Gensler further warned that FIT21 “allows issuers of crypto investment contracts to self-certify that their products are a ‘decentralized’ system and then be deemed a special class of ‘digital commodities’ and thus not subject to SEC oversight. Whether something is a ‘digital commodity’ would be subject to self-certification by ‘any person’ that files a certification.”

The SEC would have only 60 days in which to review these self-certifications and FIT21 authorizes no new resources to the SEC (while the CFTC gets a budget boost). These shortcomings make it “implausible that the SEC could review and challenge” the roughly 16,000 digital assets currently circulating in the wild. As a result, “the vast majority of the market might avoid even limited SEC oversight envisioned by the bill for crypto asset securities.”

Gensler offered more scenarios in which decentralized finance (DeFi) platforms and ‘crypto asset trading systems’ would effectively be immune from regulation. This could—and almost certainly will—create situations in which platforms could actively trade against their customers.

Gensler summed up his opposition by noting that the ‘crypto’ sector’s “record of failures, frauds, and bankruptcies is not because we don’t have rules or because the rules are unclear. It’s because many players in the crypto industry don’t play by the rules.” Rules that now might become a lot weaker.

Fun with numbers

FIT21 will now travel to the Senate, where there’s no companion bill that can be easily resolved with the House version. With Dems holding a slim majority in the Senate and some vehemently anti-crypto senators in their caucus, FIT21’s chances of simply coming up for debate—let alone a favorable vote—are far from assured.
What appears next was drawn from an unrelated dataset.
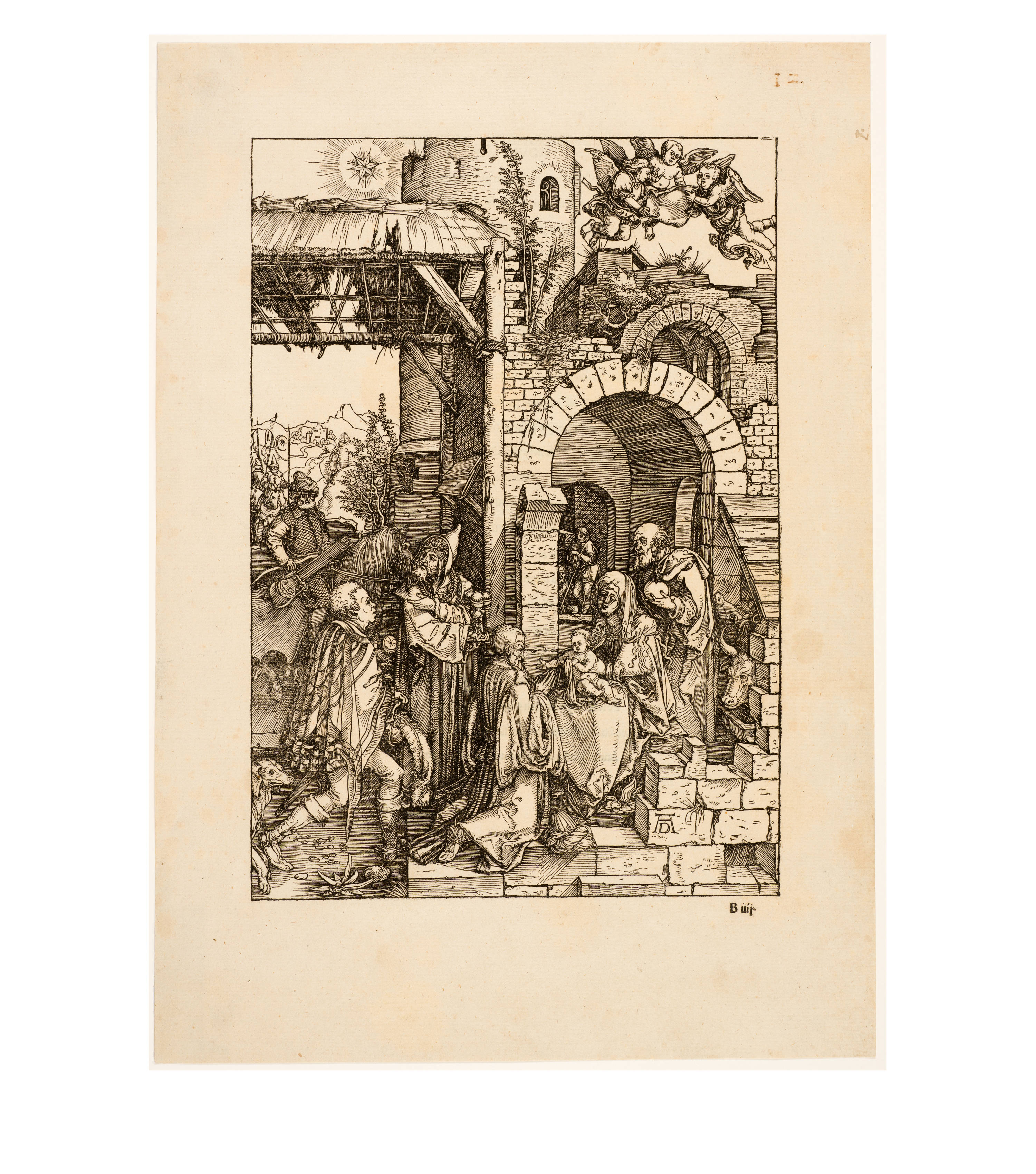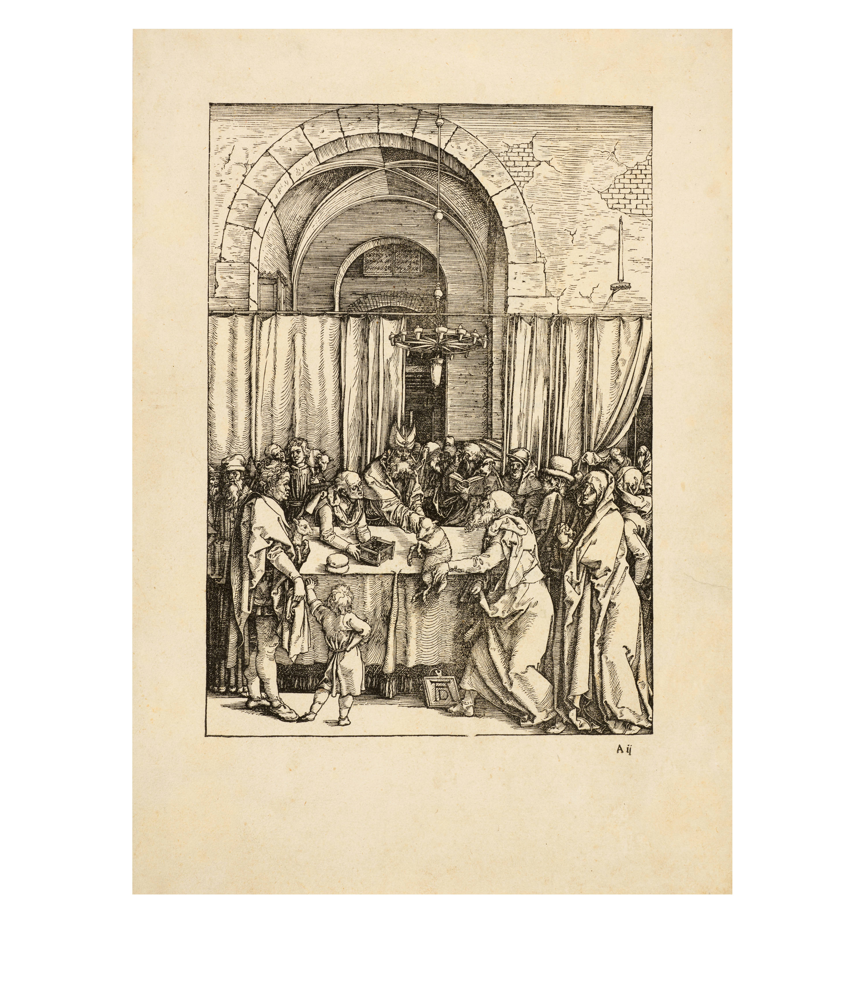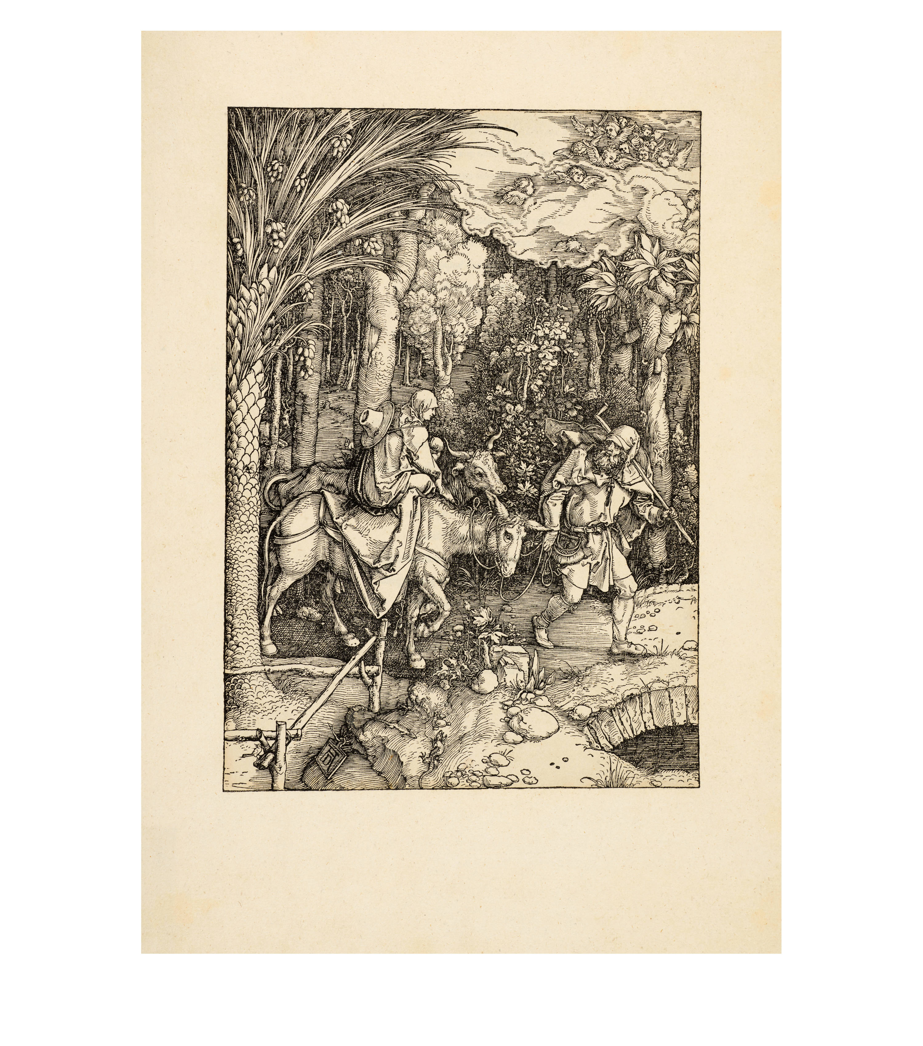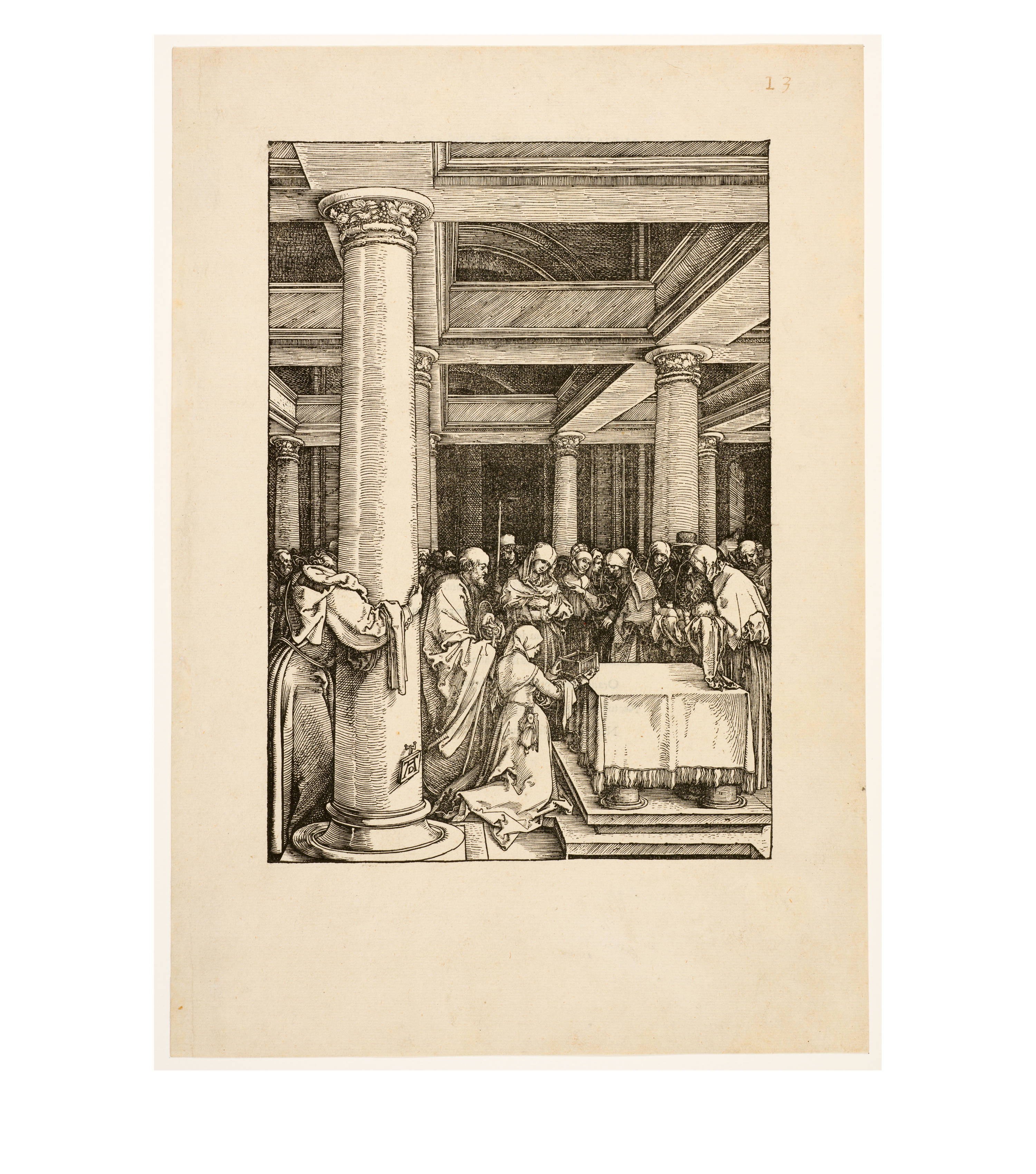 Dürer began work on his series "Das Marienleben" in 1502, which was completed and published in 1511. By 1505, 17 of the woodcuts had already been finished, and he took copies of these with him on his journey to Venice, which enabled Marc Antonio Raimondi to reproduce them as engravings. The exact date of creation of the sheets must be largely reconstructed through stylistic analysis due to the lack of dating information. Art history follows the idea that the chronological development moves from multi-part and complex compositions to simpler pictorial structures with the main protagonists positioned in the foreground. The great significance of architecture in Dürer's "Marienleben" is evidence of his engagement with the principles of perspective and Italian art.

Even if FIT21 were to pass the Senate, it would likely not pass by a margin sufficient to ward off a possible Biden veto of the bill as currently written. That is, should Biden prove willing to take the (alleged) risk of annoying the handful of U.S. adults who might make ‘crypto’ the deciding factor in how they vote this November.

While crypto companies like Coinbase (NASDAQ: COIN) like to claim that one-fifth of Americans own some form of digital asset, their self-serving numbers have always been viewed with a grain of salt. And now there’s documented evidence that their data is—like the utility-free memecoins Coinbase so relentlessly hypes on its exchange—wildly overinflated.

A new Federal Reserve survey of the Economic Well-Being of U.S. Households found that only 7% of U.S. adults ‘held or used’ digital assets in 2023, down three points from 2022 and down five points from 2021.

Those Americans who did interact with tokens certainly weren’t using them for financial transactions. Only 1% of adults used ‘crypto’ to buy or pay for a product or service, while another 1% used it to send money to friends or family. As the survey put it, “use of cryptocurrency for financial transactions remained very low, even among groups who were more likely to use cryptocurrency in this way.”

The current BTC value bubble has been hyped as signs of a coming ‘crypto’ golden age, but data suggests the average number of new BTC wallets being added each week is at its lowest level since 2018. Huh… and here was us thinking that the mantra was ‘number go up.